# curado 200 bsf



## texag56 (Jan 1, 2015)

I want to upgrade my plastic star drag on my curado 200bsf to a metal one. Can anyone tell me a compatible shimano reel with a metal star drag that would fit?

Also i would like to replace my handle too with a better looking one from a newer model. Any help is appreciated.

This is a pic I found of an older curado with a newer chronarch star drag. But the curado is a 300 i believe.


----------



## Hawglife (Mar 9, 2014)

They are all pretty interchangeable, you could use most anyone between the models, might have to use the corresponding drag nut as well as the star though. The curado e series handle is nice and has the gold impressions, that would look nice with the bsf.


----------



## texag56 (Jan 1, 2015)

Im reading online that they are not all interchangeable. Has anyone ever done this specifically with a 200bsf? Im seeing online where people changed out their 50e with other models but cannot find anything about the bsf200


----------



## Drundel (Feb 6, 2006)

Your best bet is to go to a store that sells parts and try to mix and match. I've been wanting to do the same with a CU101B and CU101D of mine but never got around to it. serious tackle la marque said they would bring out parts for me to try, I just need to get back to that project.


----------



## Dan Thorburn (Dec 18, 2013)

The 100 parts will work, but you need to change the drive shaft to allow the metal drag star to work. You will need the square nut, spring, click pin, spring and plate as well. 

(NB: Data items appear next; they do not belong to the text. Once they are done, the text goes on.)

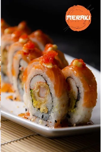 Delicioso rollo de salmón, aguacate, queso crema y palmitos, con tope de masago y ajonjolí.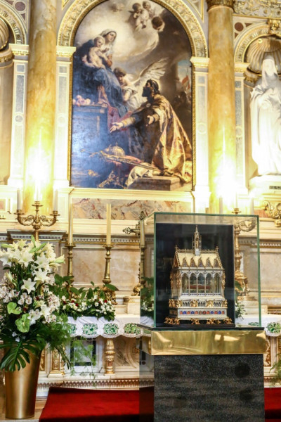 A bazilika terében az országfelajánlást ábrázoló Benczúr Gyula-kép előtt tavaly helyezték el a Szent Jobbot. Az oltár feletti tabernákulumot elvitték, mert a rajta álló bronzfeszület belelógott az oltárképbe. A félhomályos térben, a fekete hátterű ereklyetartóban a Szent Jobb nem nagyon látszik, igazán csak a teljes kivilágítás idején érvényesül a relikvia.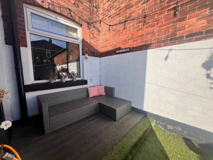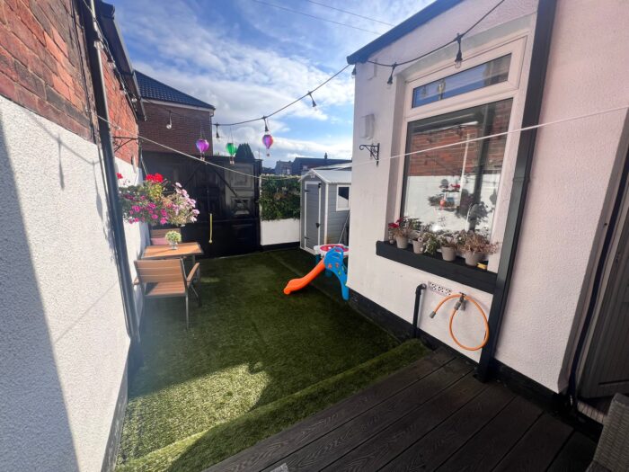 To the rear this property has a low maintenance garden space with composite decking and artificial grass, the garage door allows for extra parking if required.

We used to modify the drag star from the Calais 200 to work on the Curado. You have to shave material from the bottom to allow for clearance. Any of the newer handles will bolt right on. As far as drag stars...I am not 100% sure what will work from the newer models.


----------



## texag56 (Jan 1, 2015)

Dan thanks so much for the reply!
Ive listed the parts and posted a pic of the reel I looked up just to be sure I have it right. Thanks again. If you could let me know I have the correct parts and that im not missing any Id really appreciate it.

correct reel?

BNT 3208 - click plate
BNT 2122 - click pin
BNT 2123 - click pin spring
BNT 3554 - drive shaft
BNT 2126 - square nut
BNT 2125 - star drag spring
BNT 3551 - star

Thanks again so much. Should all these parts fit right in or will I need to make modifications like you did when you used a calais?


----------



## Dan Thorburn (Dec 18, 2013)

Those are the correct parts for use on a Curado 100B. It is a straight swap to make it work. You will probably want the handle nut and cap as well.


----------